Now a group of New Yorkers is trying to restore the trireme, including corrections for some flaws in the original design, and row it in the city's harbor. They hope the effort will culminate in a voyage around the Statue of Liberty on July 4 next year.
The project, including an exhibit and conference, would cost just under $3 million, the group estimates, of which they have raised $575,000. They say they have permission to borrow the ship, as long as it is returned in perfect shape and at no cost to the Greek government.
"The world has to see this boat. That's why we have to bring it to New York," says Markos Marinakis, chairman of Trireme in New York City Inc. "I'm a proud Greek. I could not stay out of it."
It won't be easy. The ship needs about $275,000 in repairs. It will have to be carried to the U.S. aboard a freighter. Rowers must be recruited.
Scholars say it will be worth it. New trials will improve knowledge of the speed and agility of the ships, generating data that can be used to develop computer models of ancient battles.

Rowing a Trireme on the Hudson

A group of New Yorkers is trying to restore a full-scale model of the ancient Athenian warship known as a trireme and row it in the city's harbor on July 4 next year.
Paul Lipke
Trireme fans also hope to overcome popular misconceptions about the ships. "Forget about 'Ben-Hur' and the shackles and the guy with the whip," says Mr. Hirschler, who participated in several of the ship's voyages and keeps a 13-foot, 10-inch oar strapped to the staircase well in his Manhattan residence.
Instead, he says, imagine a flutist or piper serenading 170 mostly free men to keep their strokes in rhythm.
A "trierarch" oversaw the ship and funded the voyage. "He is the Steinbrenner of the deal," says Mr. Hirschler, who notes that in ancient times, the trierarch would seek to poach better rowers through an active free-agent system. "The Athenians rapidly became the Yankees," he says.
Controversy still surrounds the design of the ships. The word trireme comes from three and "remus," meaning oar. But "how these oars were arranged was the big puzzle," says Mr. Weiskittel. "Three what? Three levels? Three men to an oar? Something else entirely?"
Trireme fans can be an impassioned bunch. In 1975, an article in the The Times of London suggested triremes had been powered primarily by sails. Others vehemently disagreed, setting off one of the longest letter-writing exchanges in the newspaper's history, as engineers, rowers, and classicists poured in their opinions, arguing over possible speeds and the number of levels in the ship.
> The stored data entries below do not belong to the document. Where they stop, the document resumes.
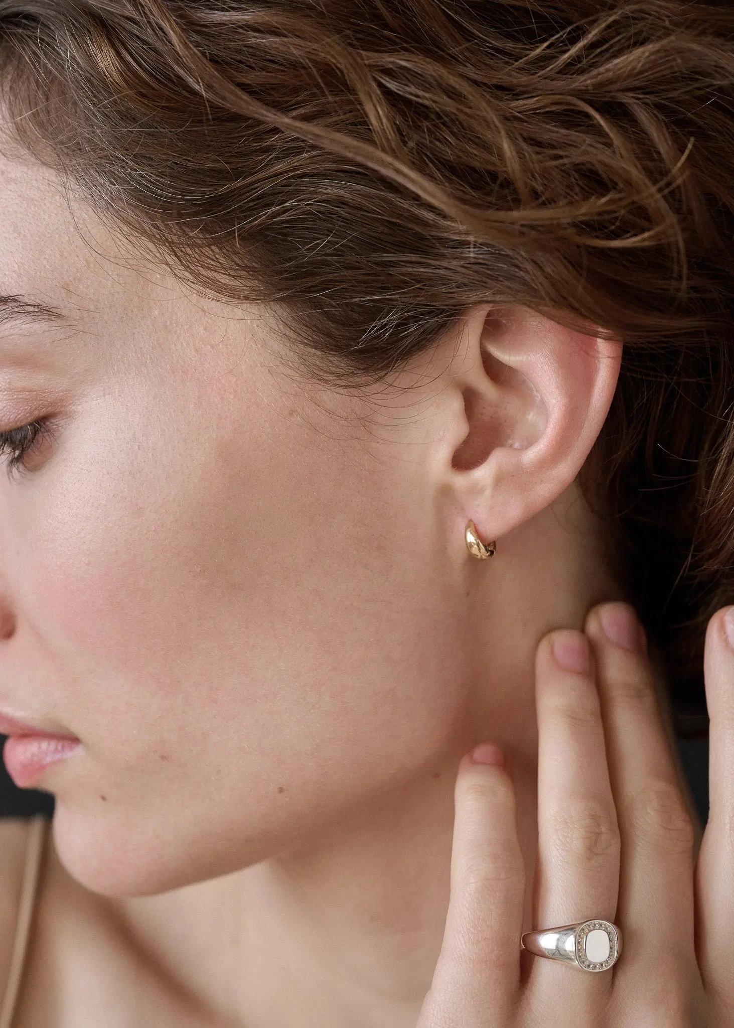 14k素材で作られたミニピアスは、軽くて付けていることを忘れるほどの軽やかさが特徴。ワンタッチ式で、入浴や就寝時でもストレスフリー。輝きを失わない素材を使用しているため、長期間お使いいただいても変色せず、常に美しい輝きが持続します。最小限のデザインであるため、シーンを問わずお使いいただけます。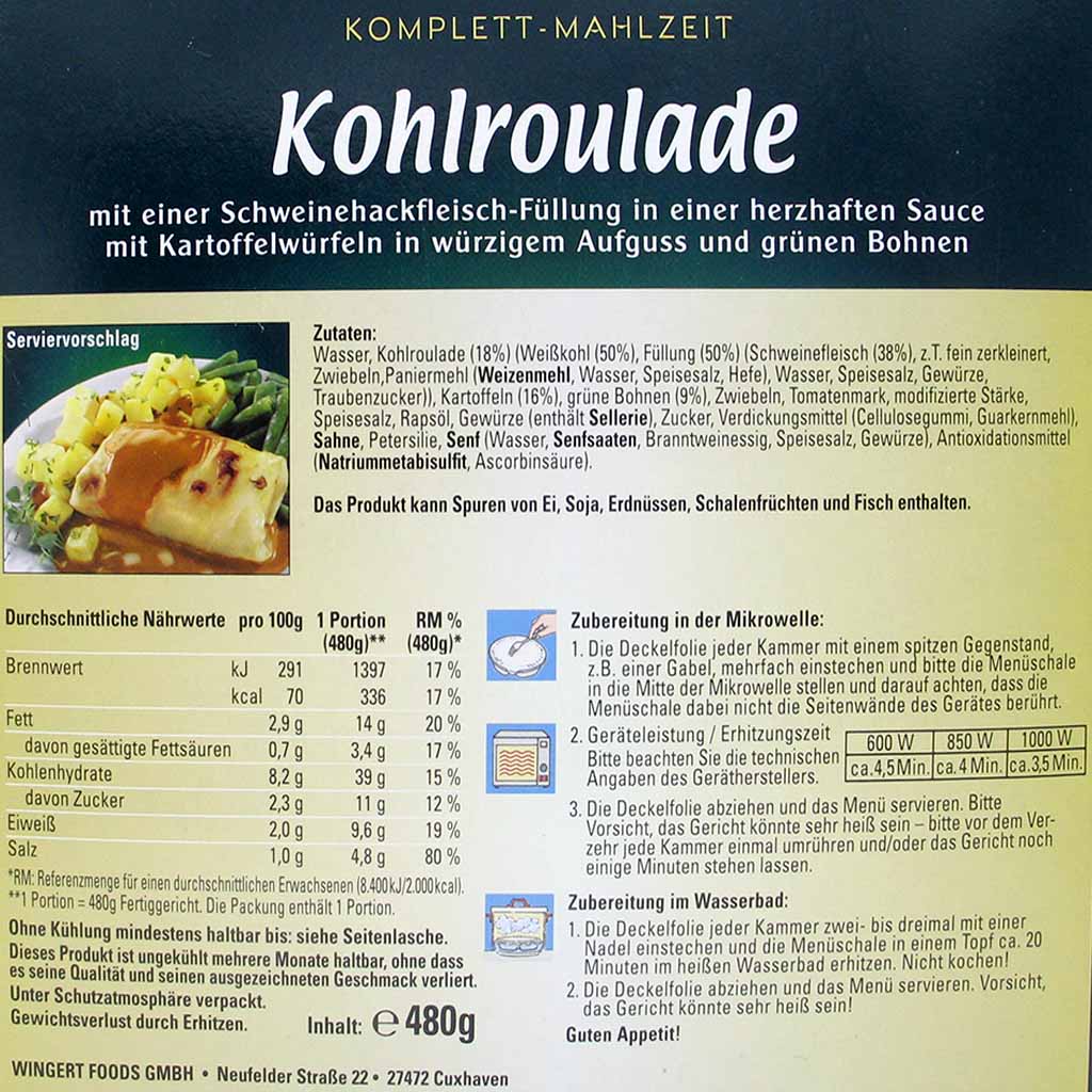 Fertiggericht, verzehrfertig. Kohlroulade mit einer Schweinehackfleisch-Füllung in einer herzhaften Sauce mit Kartoffelwürfeln in würzigen Aufguss und grünen Bohnen.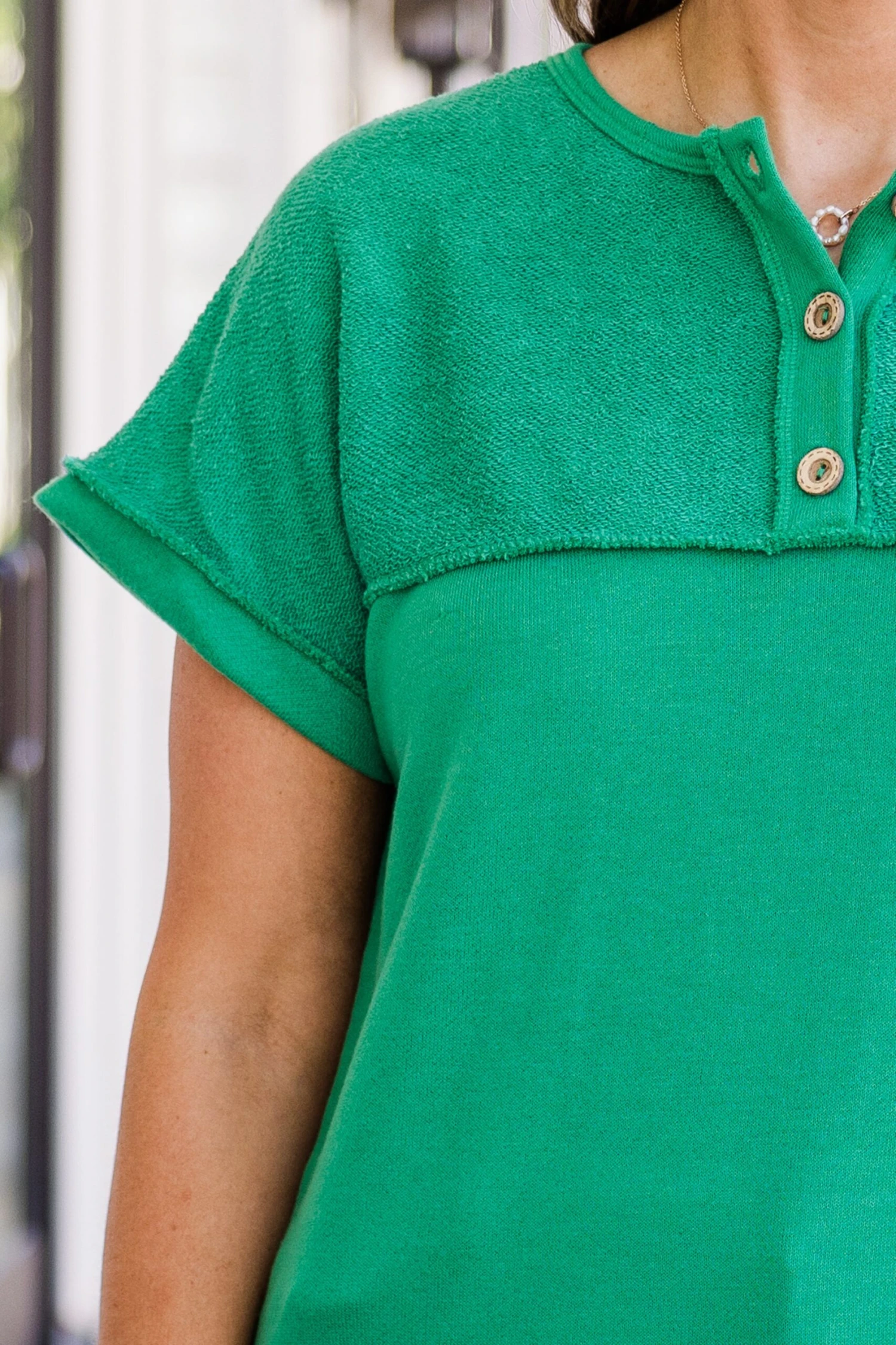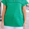 Get ready to rock your style with this top! In a pretty kelly green color, this top features a unique contrast fabric and functional buttons! Dress it up or down for any occasion! In due time, this top will become your go-to piece for effortless style!

The debate continues. This month, John Hale, director of liberal studies at the University of Louisville and himself a rower, presented a paper to the Archaeological Institute of America, arguing the Olympias is "quite different" from the triremes of ancient Greece.
Based on his interpretation of evidence, he says the classical ship had only a single mast (the Olympias has two), lighter construction and possibly oars of different lengths.
Despite what he considers its flaws, the reconstruction "is a great achievement," Mr. Hale says. He first encountered the Olympias when it was no more than a section of a ship erected on the lawn of its creator, Cambridge classicist John Morrison. "The oars were pulled through water in a circular plastic swimming pool," he says.
The ship "has had a major impact on the study of Greek history," Mr. Hale says.
Barry Strauss, chairman of the history department at Cornell University, agrees. He has visited the trireme several times for his research—and found it "hot and cramped" and "stinky." He is also a rower, and would jump at the opportunity to join the crew.
"If they gave me the chance to do it," he says, "I wouldn't miss it for anything."
Mr. Hirschler is hoping to recruit an elite crew that can approximate the Athenian feats.
"Ideally you would get 170 fitness fanatics," he says. "I look at [the ship] as a human-powered, waterborne missile that can operate like a jet boat."